Fibroadenomas are generally moveable and aren’t tender. Doctors typically recommend removing fast-growing ones especially if they’re changing the breast shape.


About 15% of fibroademonas are categorised as complex and pose a slightly increased breast cancer risk.


One particular type of fibroadenoma called a phyllode tumour can also be malignant in some instances. A woman is most likely to get one in her forties. Doctors generally recommend removing some of the surrounding tissue to ensure that the tumour doesn’t come back.


4. Adenosis


Women who suffer from fibrosis or cysts are also more prone to adenosis, a swelling of the milk glands.


It’s sometimes possible to feel a lump, but adenosis is often detected via a mammogram then diagnosed through a biopsy. Treatment is often unnecessary.


5. Intraductal papilloma


These wart-like tumours grow in the milk ducts and are formed from a mix of glandular and fibrous tissue. They tend to be tan-pink in colour and typically small.

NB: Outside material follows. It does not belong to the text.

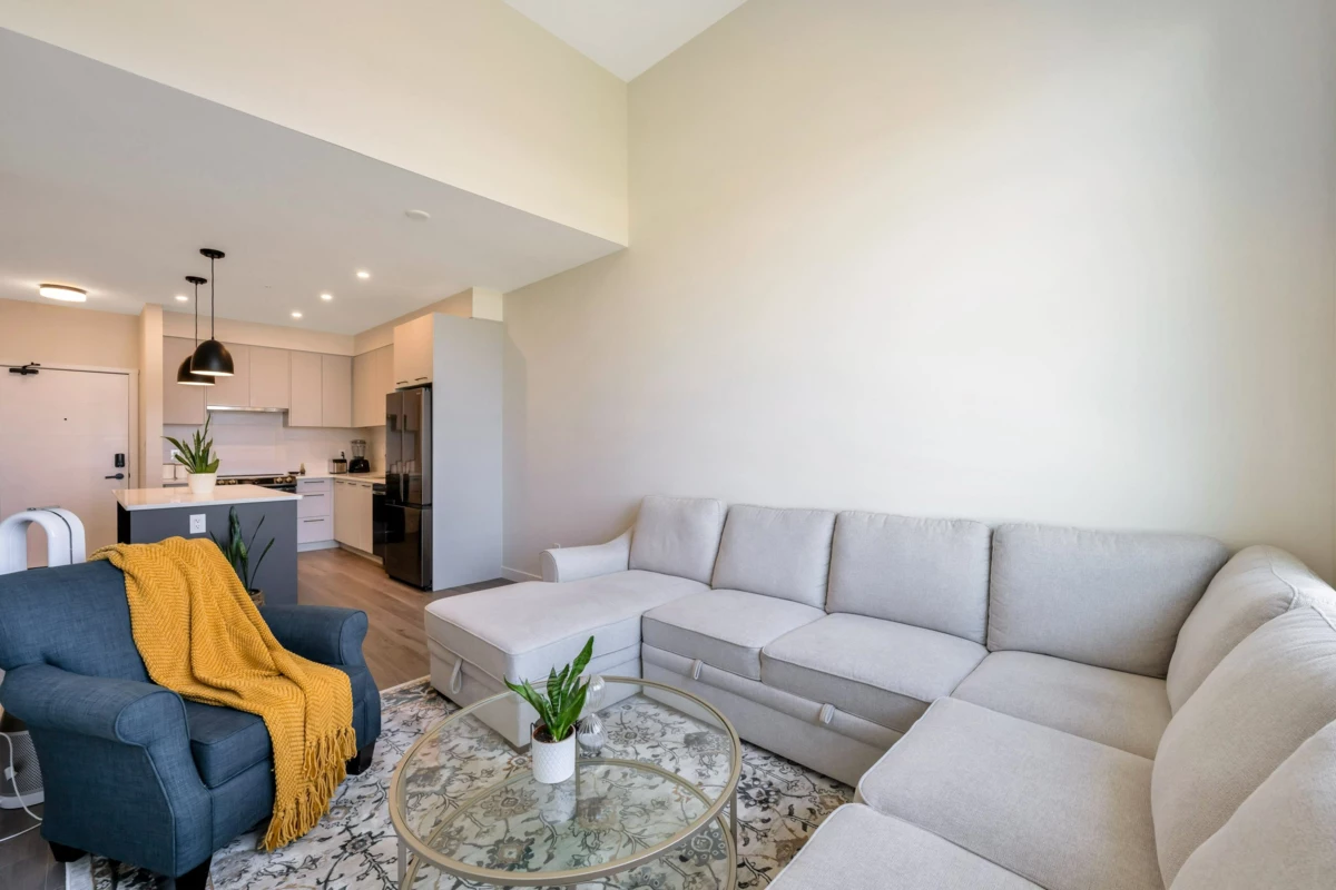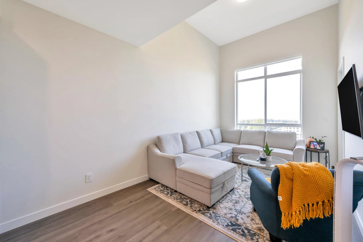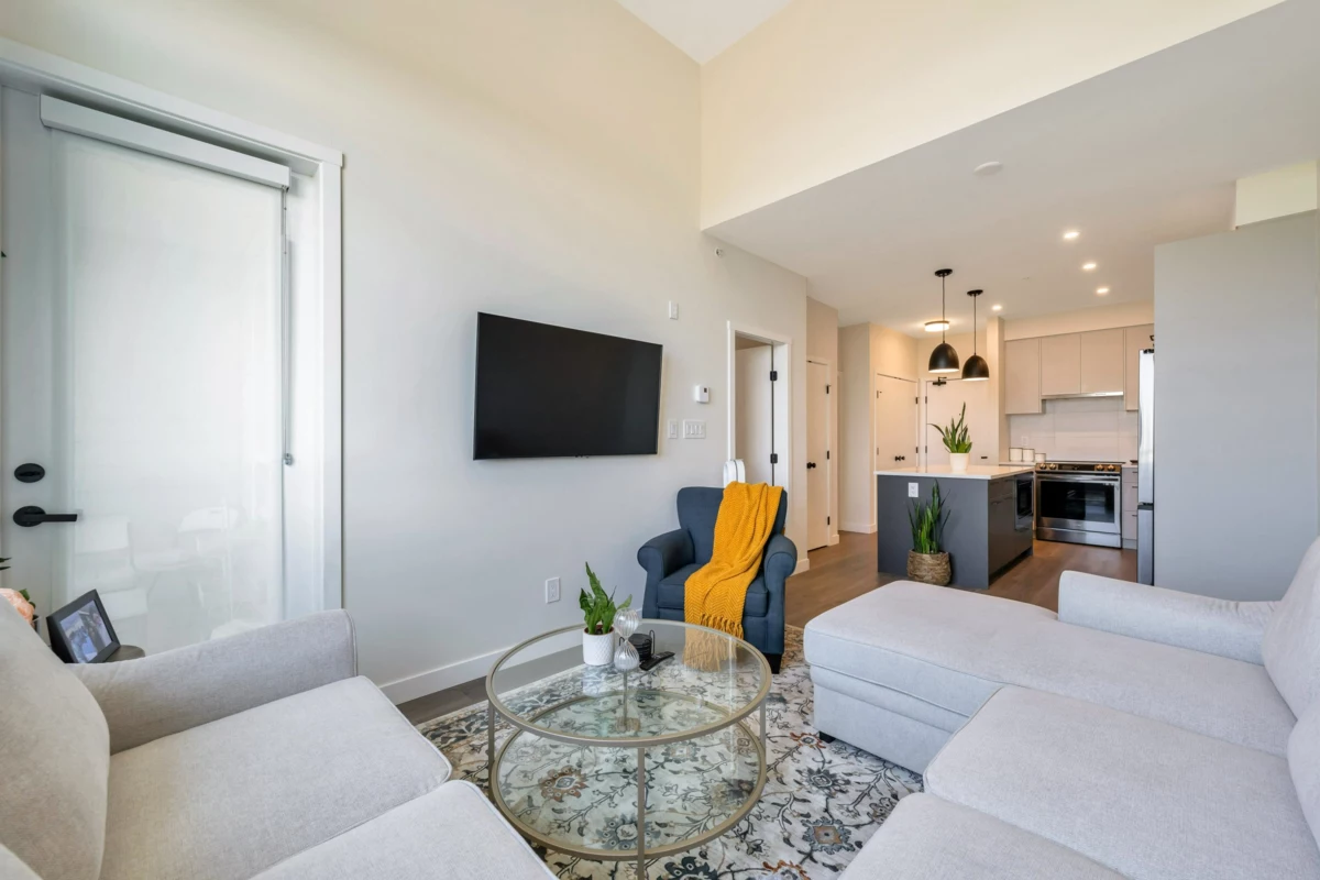 Move in today. 2 CARS? Start the carrrr! Welcome to Eastin Condos by Essence Properties! This Penthouse bright 1 bed/1 bath home offers stunning mountain views, upgraded appliances, enhanced flooring, and a custom shower surround. The open layout includes a modern kitchen with quartz counters, sleek cabinetry, and premium finishes. Enjoy your private balcony, secure parking, storage, and the convenience of the 1Valet smart building system. Residents also have access to a fitness studio, lounge with kitchen & co-working space, landscaped courtyard, dog wash, and children’s play area. Close to Willoughby Town Centre, schools, parks,this home blends comfort and convenience in the heart of Langley. 1 Locker/2 Parking.

They often cause nipple discharge, which can be either bloody or clear and happen spontaneously (when there hasn’t been any pressure on the breast).


After being surgically excised, the tumours will then checked by a pathologist as atypical or multiple papilloma do pose a slightly increased risk of breast cancer.


6. Ductal or lobular hyperplasia


These result from an overgrowth of the cells lining the tubes (ductal) inside the breast that carry milk from the lobules (milk sacs) to the nipples, or in the milk glands themselves (lobular).


They’re normally only detected during a mammogram, with confirmation via a biopsy. Mild hyperplasia poses no breast cancer risk, but moderate or atypical hyperplasia does so doctors usually remove some of the surrounding tissue for additional checks.  


7. Mastitis


This painful condition is one of the potential side effects of breast-feeding, although it can strike at any time. It’s caused by torn skin over the nipples, or a clogged milk duct.  Most sufferers will typically have a fever in addition to inflammation.


Warm water or compresses are a good way to alleviate the pain before seeing a doctor for a round of antibiotics.


If these don’t make any difference, then a biopsy will be next to rule out inflammatory breast cancer. This is a very rare form of breast cancer, accounting for less than 5% of cases in most countries.